[Opening Raw data section]

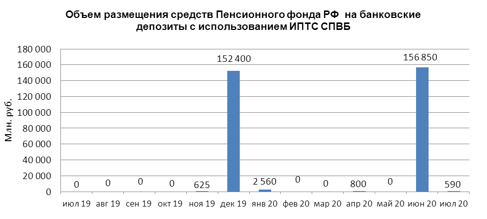 В июле 2020 г. объем размещения средств Пенсионного фонда Российской Федерации на банковские депозиты, осуществленного Пенсионным фондом с использованием информационных программно-технических средств СПВБ, составил 0,590 млрд. руб., в июне 2020 года - 156,850 млрд. руб.
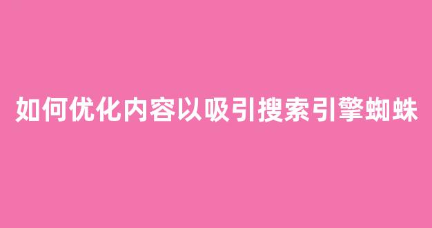 本文《如何优化内容以吸引搜索引擎蜘蛛》发布于君君营销文章,作者:admin,如若转载,请注明出处:/news/yxbk/25716.html,否则禁止转载,谢谢配合!
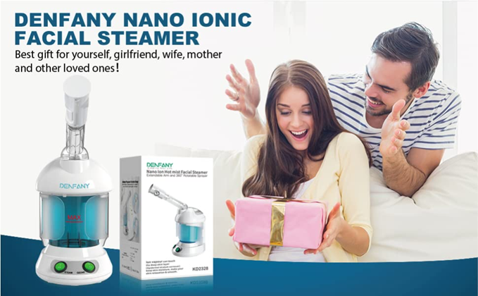- 【10X More Effective for Penetrating Skin】: Nano Ionic steam supplement moisture effectively; Compared to ordinary steamers, DENFANY facial steamer adopts ionic vaporization technology, which can ionize and activate water molecules, and creates ultra-fine steam that is easily absorbed by the skin. A tank of water can be sprayed for not less than 35 minutes.
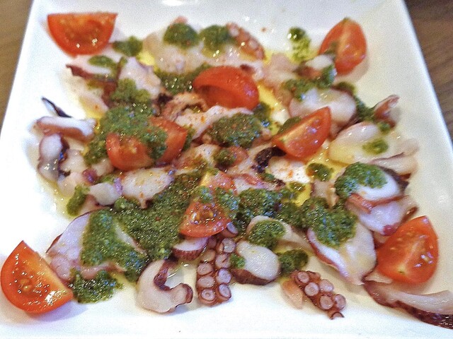 連れが注文した「タコパッチョ」は,なかなかのボリュームです.薄切りの茹でダコと,ミニトマトに,バジルソースがかかっていました.タコの食感と旨み,そしてバジルの風味が,ビールと好相性でしたね.
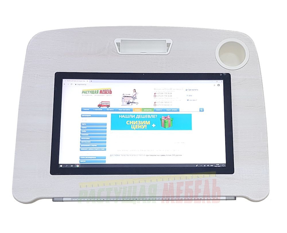![]() | Столешница парты помимо сенсорного монитора имеет встроенные отверстия по центру и сбоку - для хранения канцелярских принадлежностей. Также предусмотрен барьер против скольжения, который предотвратит падение вещей при наклоне столешницы. |
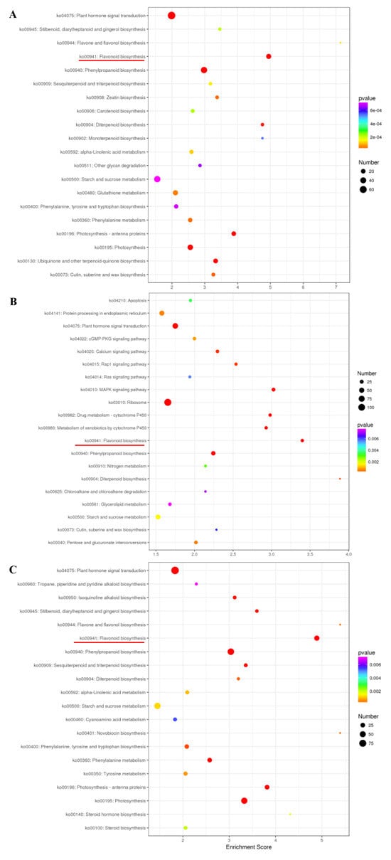 KEGG classification of DEGs that were detected in the three comparisons of HS_75–vs–TL_100 (A), LS_25–vs–TL_100 (B), and LS_25–vs–HS_75 (C). Red line shows the flavonoid biosynthesis pathway item. The x-axis is the enrichment score. The larger the bubble, the more the number of DEGs. The color of the bubble changes from purple to blue to green to red. The smaller the p-value of the bubble, the greater the significance.
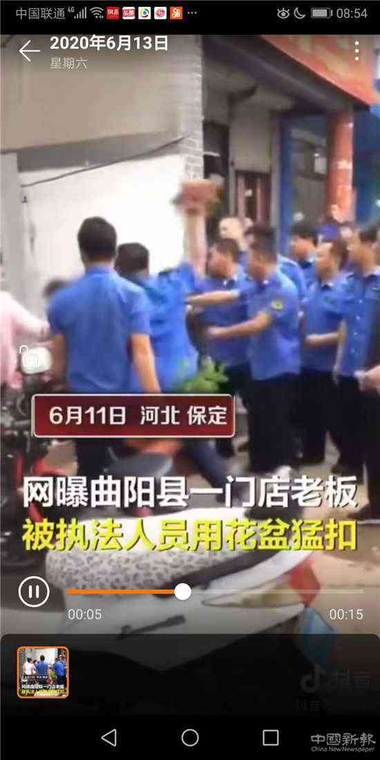 中國新報(bào)(記者 鄭平)昨晚(6月12日)有熱心網(wǎng)友給記者發(fā)來視頻,視頻顯示,身著城管執(zhí)法服的工作人員與一家店發(fā)生沖突,有一執(zhí)法人員用花盆砸向?qū)Ψ剑曨l字幕顯示事發(fā)河北曲陽縣。

[Closing Raw data section]

Write out every line above exactly, minus images.

▶ _Output_:
 В июле 2020 г. объем размещения средств Пенсионного фонда Российской Федерации на банковские депозиты, осуществленного Пенсионным фондом с использованием информационных программно-технических средств СПВБ, составил 0,590 млрд. руб., в июне 2020 года - 156,850 млрд. руб.
 本文《如何优化内容以吸引搜索引擎蜘蛛》发布于君君营销文章,作者:admin,如若转载,请注明出处:/news/yxbk/25716.html,否则禁止转载,谢谢配合!
- 【10X More Effective for Penetrating Skin】: Nano Ionic steam supplement moisture effectively; Compared to ordinary steamers, DENFANY facial steamer adopts ionic vaporization technology, which can ionize and activate water molecules, and creates ultra-fine steam that is easily absorbed by the skin. A tank of water can be sprayed for not less than 35 minutes.
 連れが注文した「タコパッチョ」は,なかなかのボリュームです.薄切りの茹でダコと,ミニトマトに,バジルソースがかかっていました.タコの食感と旨み,そしてバジルの風味が,ビールと好相性でしたね.
![]() | Столешница парты помимо сенсорного монитора имеет встроенные отверстия по центру и сбоку - для хранения канцелярских принадлежностей. Также предусмотрен барьер против скольжения, который предотвратит падение вещей при наклоне столешницы. |
 KEGG classification of DEGs that were detected in the three comparisons of HS_75–vs–TL_100 (A), LS_25–vs–TL_100 (B), and LS_25–vs–HS_75 (C). Red line shows the flavonoid biosynthesis pathway item. The x-axis is the enrichment score. The larger the bubble, the more the number of DEGs. The color of the bubble changes from purple to blue to green to red. The smaller the p-value of the bubble, the greater the significance.
 中國新報(bào)(記者 鄭平)昨晚(6月12日)有熱心網(wǎng)友給記者發(fā)來視頻,視頻顯示,身著城管執(zhí)法服的工作人員與一家店發(fā)生沖突,有一執(zhí)法人員用花盆砸向?qū)Ψ剑曨l字幕顯示事發(fā)河北曲陽縣。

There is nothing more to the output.